A ce niveau de conscience, un malêtre venant d'une lumière trop vive ou de la faim ne seront
pas comprises comme différentes, l'une venant d'un intérieur et l'autre d'un extérieur, les
limites corporelles n'étant pas intégrées. Le psychisme s'organise à travers de dynamiques
rudimentaires qui correspondent en substance à absorber ce qui est bon et rejeter ce qui est
désagréable.
Techniquement, M. Klein parle d'introjection et de projection pour signifier l'acceptation de
l'agréable et le rejet du désagréable. La ligne de démarcation entre ces deux « zones »
correspond à la dynamique de clivage.
Le rejeté se veut annihilé, et cette dynamique est appelé le déni.
Ainsi, selon M. Klein, on peut parler du « bon sein » et du « mauvais sein », le premier étant
celui qui nourrit et le second celui qui frustre de par son absence. Il n'a pas encore conscience
que « ces deux seins » sont en fait une seule et même dynamique, une seule et même personne
: la mère.
Dans cette période, parce que la satisfaction dépasse, normalement, l'insatisfaction, le
psychisme infantile va s'identifier comme étant une expérience positive. C'est ce sentiment de
bien être qui va permettre une suffisamment bonne intégration des limites de son corps et par
là une densité psychique suffisante pour faire émerger un Moi.
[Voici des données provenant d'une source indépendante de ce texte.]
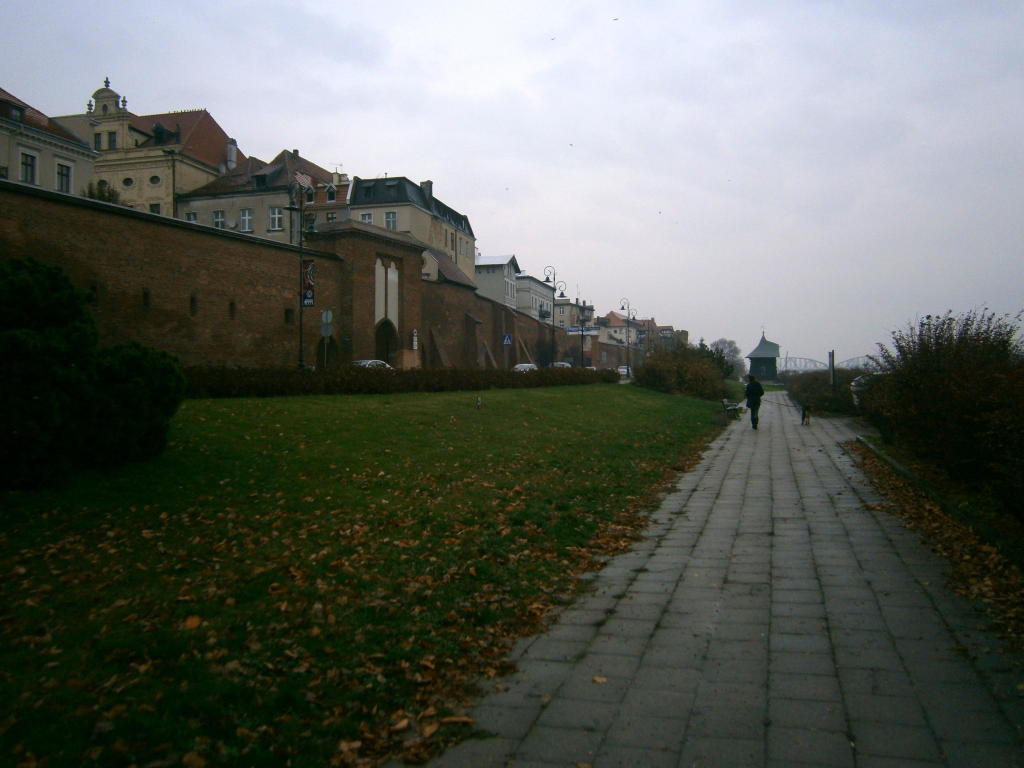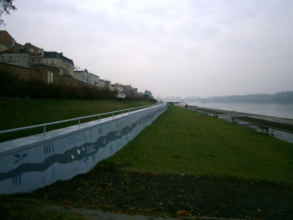 Nabrzeże Wisły w Toruniu - widoczne wagony i kozioł oporowy.
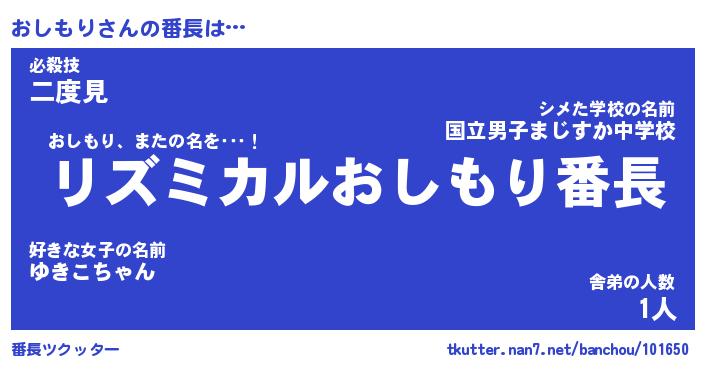 | 男性向けラノベタイトル風あだ名 | 『おしもりの憂鬱』 |

M. Klein a émis l'hypothèse que des défaillances dans la structuration du psychisme qui
auraient lieu au cours de cette position pourraient être les sources de troubles psychotiques
ultérieurs. Les pathologies les plus importantes du psychisme seraient rattachées aux périodes
de fondation de celui-ci.
De trois-quatre mois à six-huit mois
Ce qu'on voit de l'extérieur
Au cours de cette période, le tonus s'améliore au niveau des membres et de son axe central.
Les schèmes de coordination s'affine et le bébé commence a différencier les articulations des
bras.
Il apprécie de se tenir droit et assis même si cela est encore fatigant pour lui. Il commence à
s'affirmer dans son corps en tapant par terre ou dans l'eau de son bain qui devient un de ses
terrains de jeu favoris.
A partir du cinquième mois, son ouïe s'est affiné et il est attentif au moindre bruit. Le mois
suivant cette même dynamique s'appliquera pour la vue. Par cette augmentation globale de la
vigilance, son environnement a désormais un rôle important dans sa stimulation sensorielle et
cognitive.
Pour intégrer le monde, il manipule avec ses mains et met tout ce qu'il peut en bouche. C'est le
bon moment pour varier l'alimentation de l'enfant.
Moins symbiotique avecre, il va mettre en place une relation privilégiée avec un objet,
l'objet transitionnel, le fameux doudou, élément de monde extérieur qu'il contrôle et qui le
rassure. A la fin de cette période, l'enfant sera un explorateur à quatre pattes du monde
environnant.
Il commence à montrer des expressions faciales d'émotions claires de joie ou de tristesse. Il
les reconnaît sur le visage des gens qui l'entourent d'ailleurs dès trois mois il a eu la capacité
de différencier les visages familiers. Le troisième mois est également celui du sourire social,
des premiers éclats de rire et des premiers gazouillis.
Progressivement, la discrimination des personnes alentours et l'exploration de l'environnement
poussent l'enfant à se confronter à la multitude des autres, à l'immensité du monde. En un
mot, il réalise la puissance du non-moi. C'est l'amorce de l'angoisse du 8ème mois.
Ce que l'on sait qu'il se passe
Jean Piaget a appelé cette période de 4 à 8 mois le 3ème stade de la période sensori-
motrice.
L'enfant se vit désormais distinct du monde extérieur et est capable d'action intentionnelle. Il a
accès à la permanence pratique (il revient à un objet qu'il a laissé) mais pas encore à la
permanence de l'objet ( il ne cherche pas un objet caché).
Maintenant, il fait des réactions circulaires mais en lien avec des interactions avec le monde
extérieur initialement amorcées par hasard. Par exemple, il va toucher un jouet et le déplacer
et reproduire ce geste, ce schème, de nouveau avec la satisfaction … peut être de la
facilitation du geste à travers la simplification du geste.
Ce n'est que plus tard que le contact avec les objets est intentionnel.